With the pictures left out, print exactly the lines below that run from the one containing "verwendet hatte, wollte" through the one containing "Een foto uit".

MATERIAL FOR THE TASK —

--- START ---

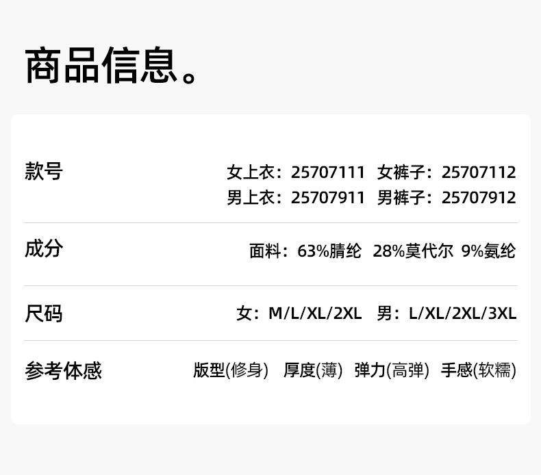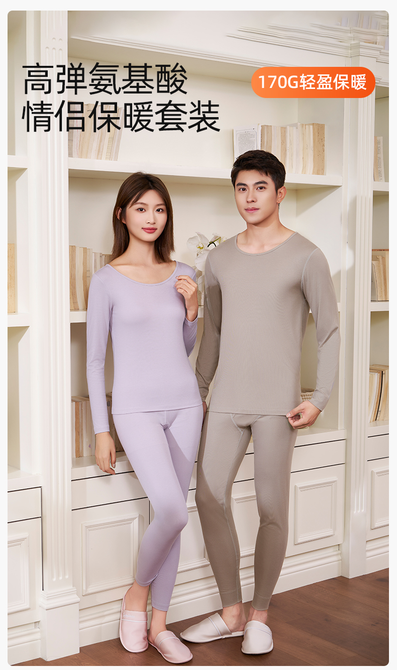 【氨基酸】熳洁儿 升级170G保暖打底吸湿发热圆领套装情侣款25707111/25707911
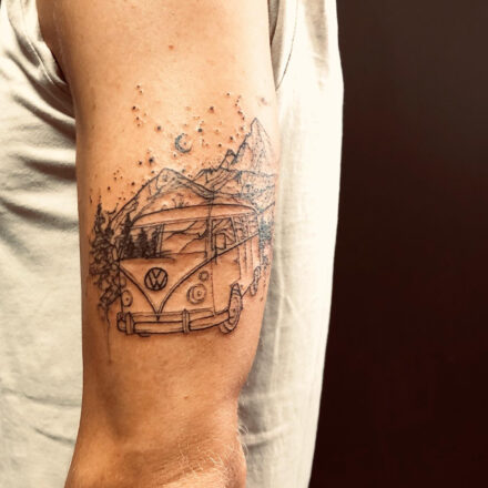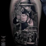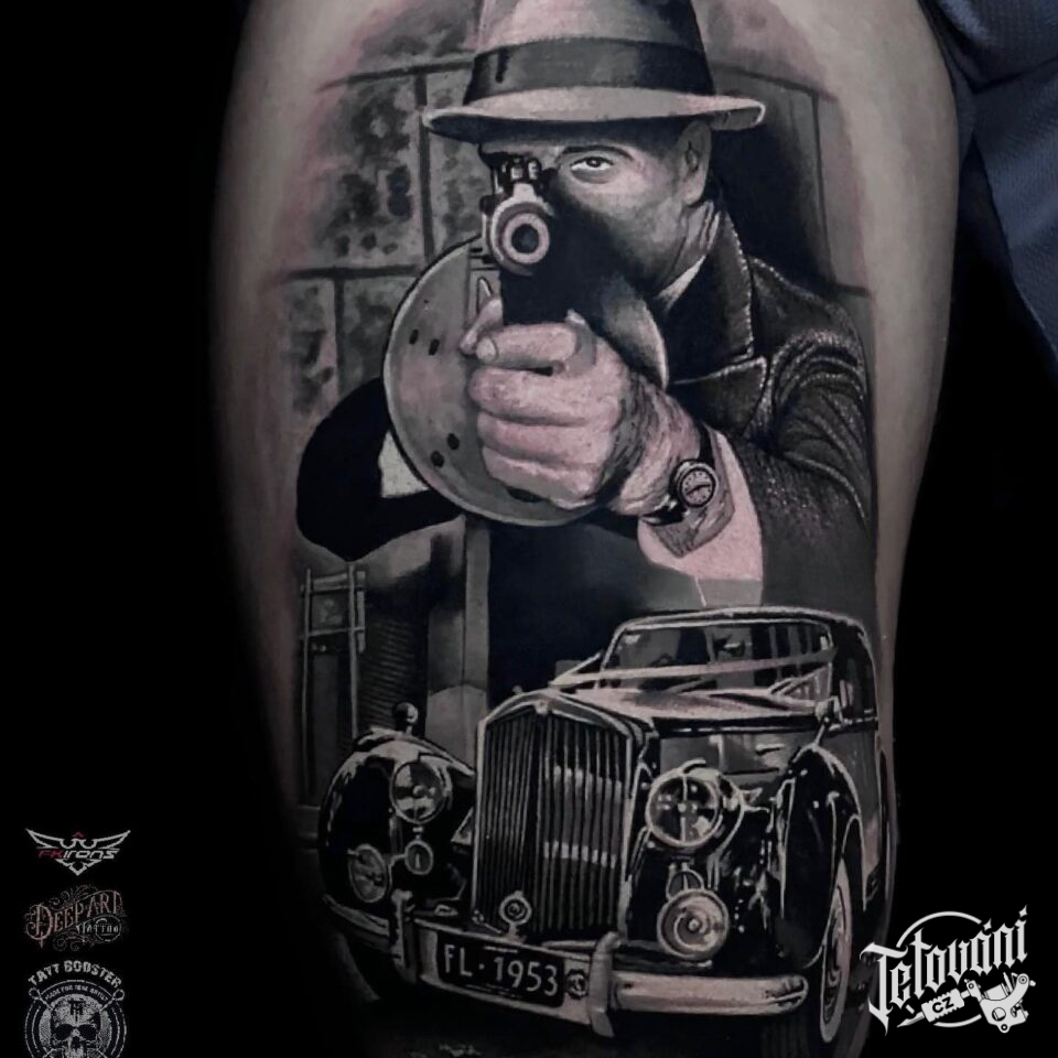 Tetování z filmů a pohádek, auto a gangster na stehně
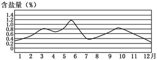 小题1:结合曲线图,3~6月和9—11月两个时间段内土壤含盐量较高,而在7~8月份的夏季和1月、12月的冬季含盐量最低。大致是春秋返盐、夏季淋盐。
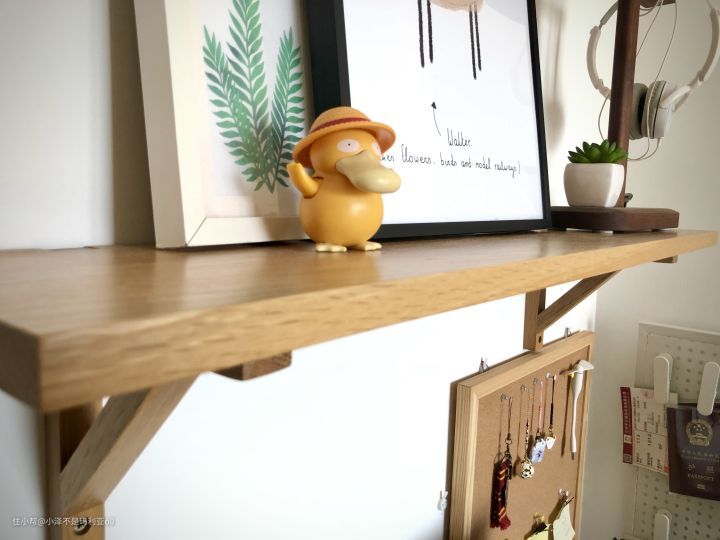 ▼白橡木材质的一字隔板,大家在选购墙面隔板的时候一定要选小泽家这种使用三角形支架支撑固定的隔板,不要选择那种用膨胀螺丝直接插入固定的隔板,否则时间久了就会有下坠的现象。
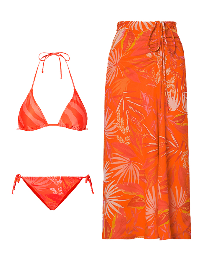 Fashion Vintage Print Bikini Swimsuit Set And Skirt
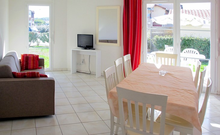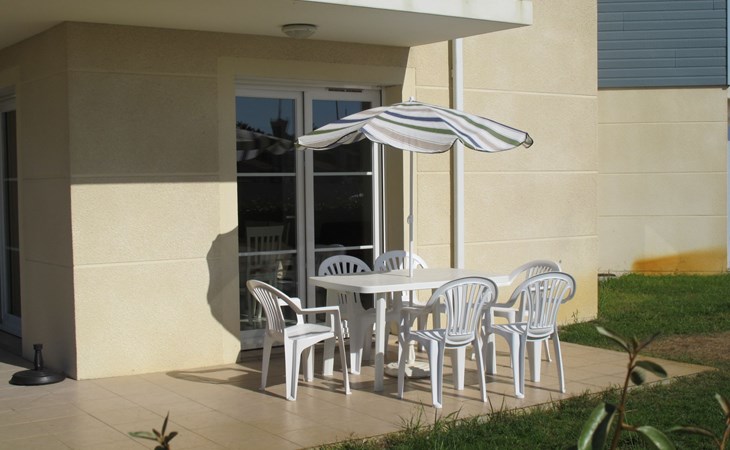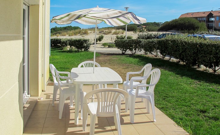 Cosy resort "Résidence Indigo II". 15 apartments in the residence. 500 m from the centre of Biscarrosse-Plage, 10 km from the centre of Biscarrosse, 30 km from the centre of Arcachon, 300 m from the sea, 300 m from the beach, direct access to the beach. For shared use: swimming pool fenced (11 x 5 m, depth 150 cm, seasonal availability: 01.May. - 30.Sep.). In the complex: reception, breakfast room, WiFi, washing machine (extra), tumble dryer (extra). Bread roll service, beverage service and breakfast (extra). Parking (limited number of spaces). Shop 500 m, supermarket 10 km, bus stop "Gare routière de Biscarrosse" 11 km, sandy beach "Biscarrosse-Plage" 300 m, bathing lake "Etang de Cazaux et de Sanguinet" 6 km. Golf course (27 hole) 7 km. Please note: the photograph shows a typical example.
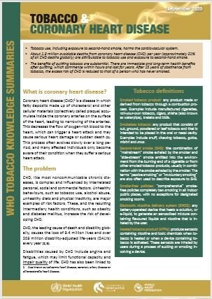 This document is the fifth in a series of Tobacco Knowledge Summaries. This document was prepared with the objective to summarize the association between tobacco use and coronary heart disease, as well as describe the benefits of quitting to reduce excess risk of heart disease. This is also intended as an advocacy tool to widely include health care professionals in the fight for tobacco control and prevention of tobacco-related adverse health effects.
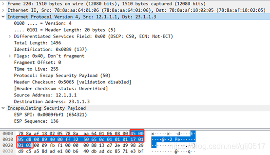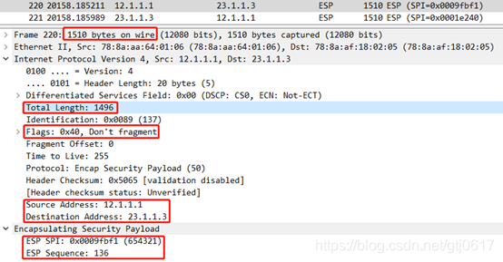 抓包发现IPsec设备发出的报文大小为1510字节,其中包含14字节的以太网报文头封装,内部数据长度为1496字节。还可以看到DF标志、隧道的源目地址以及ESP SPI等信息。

--- END ---
--- START ---

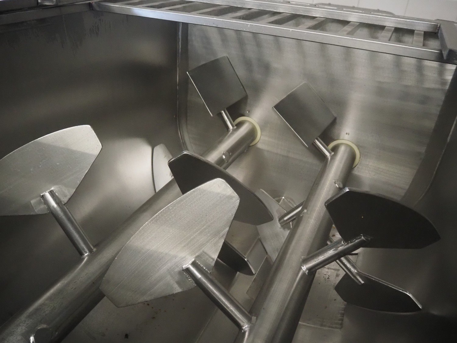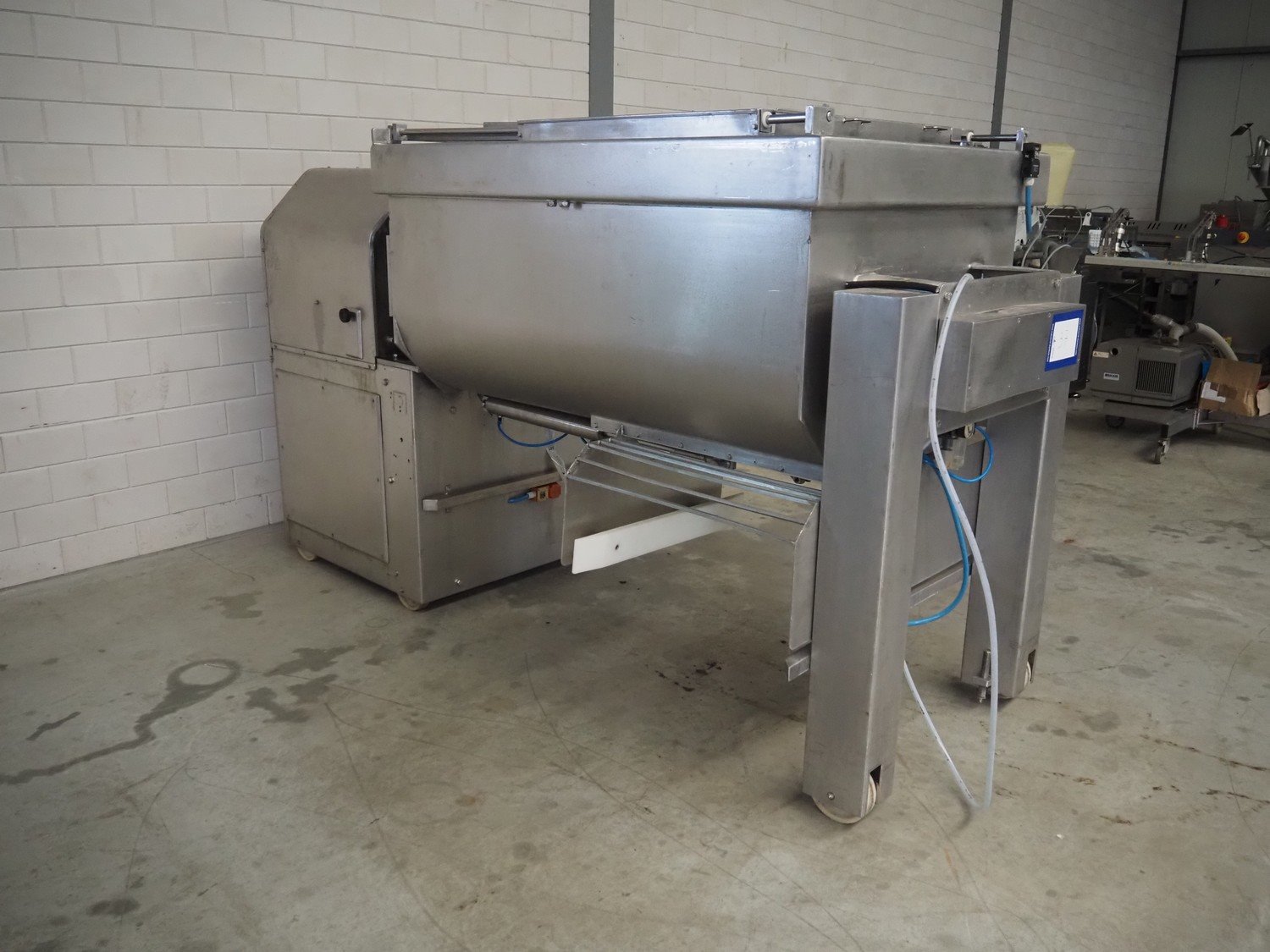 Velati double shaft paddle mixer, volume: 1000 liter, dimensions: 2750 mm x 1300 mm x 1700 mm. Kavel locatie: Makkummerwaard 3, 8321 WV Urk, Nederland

--- END ---
--- START ---

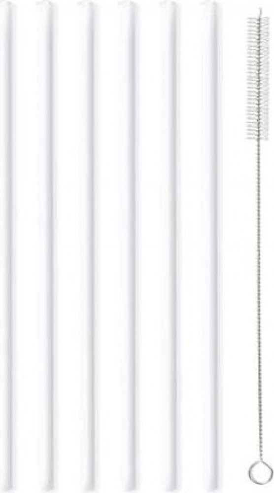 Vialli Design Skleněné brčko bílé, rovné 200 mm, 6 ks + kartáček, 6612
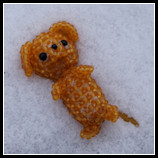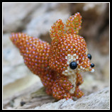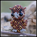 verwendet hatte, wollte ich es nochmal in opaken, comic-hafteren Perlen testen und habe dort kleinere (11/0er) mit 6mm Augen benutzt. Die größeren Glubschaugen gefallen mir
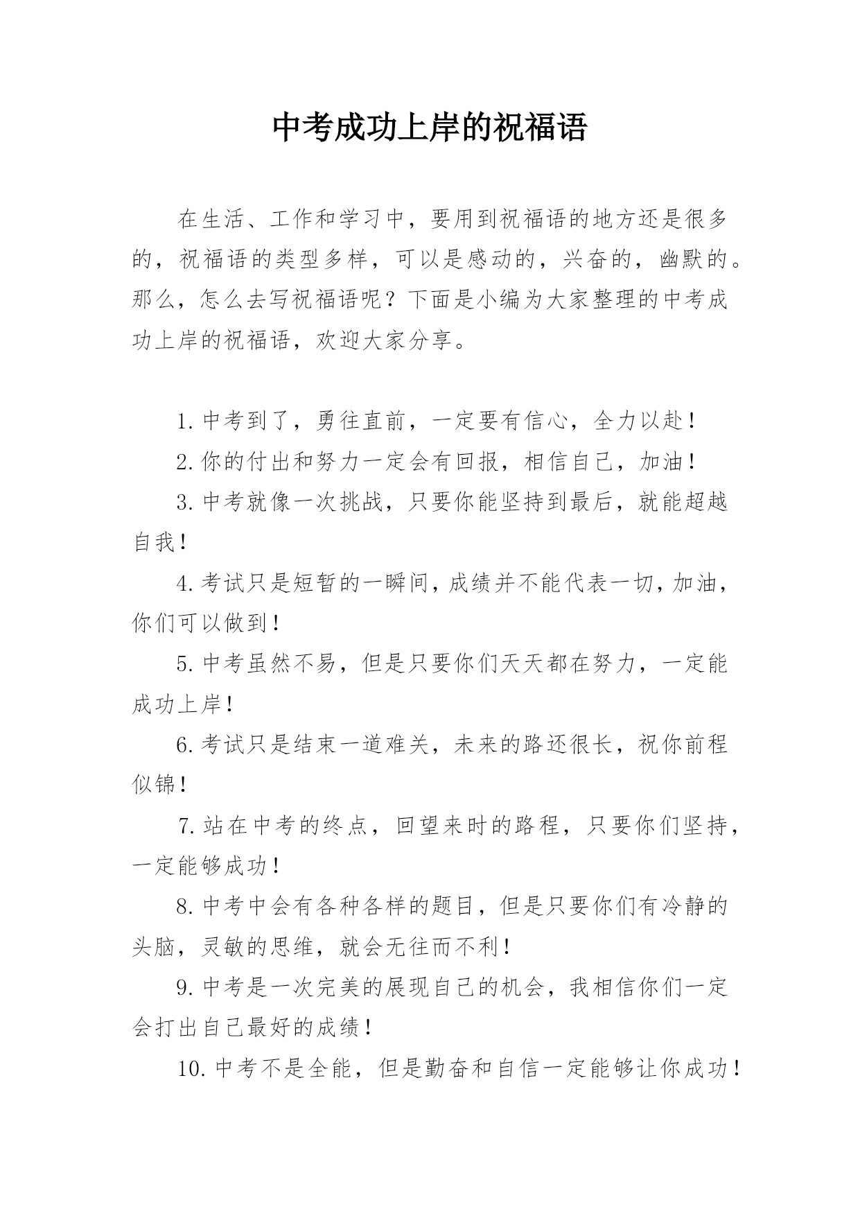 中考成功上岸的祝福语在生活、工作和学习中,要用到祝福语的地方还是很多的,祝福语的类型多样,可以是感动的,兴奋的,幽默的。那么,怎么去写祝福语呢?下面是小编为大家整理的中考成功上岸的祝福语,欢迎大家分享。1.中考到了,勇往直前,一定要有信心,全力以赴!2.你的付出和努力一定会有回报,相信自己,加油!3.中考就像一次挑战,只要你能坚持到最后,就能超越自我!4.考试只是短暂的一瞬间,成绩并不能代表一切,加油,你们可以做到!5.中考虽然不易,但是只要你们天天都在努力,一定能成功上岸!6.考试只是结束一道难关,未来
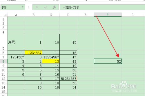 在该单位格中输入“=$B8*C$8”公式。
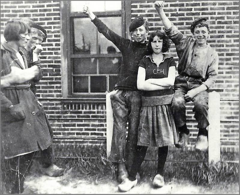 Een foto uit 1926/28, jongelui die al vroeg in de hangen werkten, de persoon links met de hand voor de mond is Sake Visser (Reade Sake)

--- END ---

COMPLETED TASK —
 verwendet hatte, wollte ich es nochmal in opaken, comic-hafteren Perlen testen und habe dort kleinere (11/0er) mit 6mm Augen benutzt. Die größeren Glubschaugen gefallen mir
 中考成功上岸的祝福语在生活、工作和学习中,要用到祝福语的地方还是很多的,祝福语的类型多样,可以是感动的,兴奋的,幽默的。那么,怎么去写祝福语呢?下面是小编为大家整理的中考成功上岸的祝福语,欢迎大家分享。1.中考到了,勇往直前,一定要有信心,全力以赴!2.你的付出和努力一定会有回报,相信自己,加油!3.中考就像一次挑战,只要你能坚持到最后,就能超越自我!4.考试只是短暂的一瞬间,成绩并不能代表一切,加油,你们可以做到!5.中考虽然不易,但是只要你们天天都在努力,一定能成功上岸!6.考试只是结束一道难关,未来
 在该单位格中输入“=$B8*C$8”公式。
 Een foto uit 1926/28, jongelui die al vroeg in de hangen werkten, de persoon links met de hand voor de mond is Sake Visser (Reade Sake)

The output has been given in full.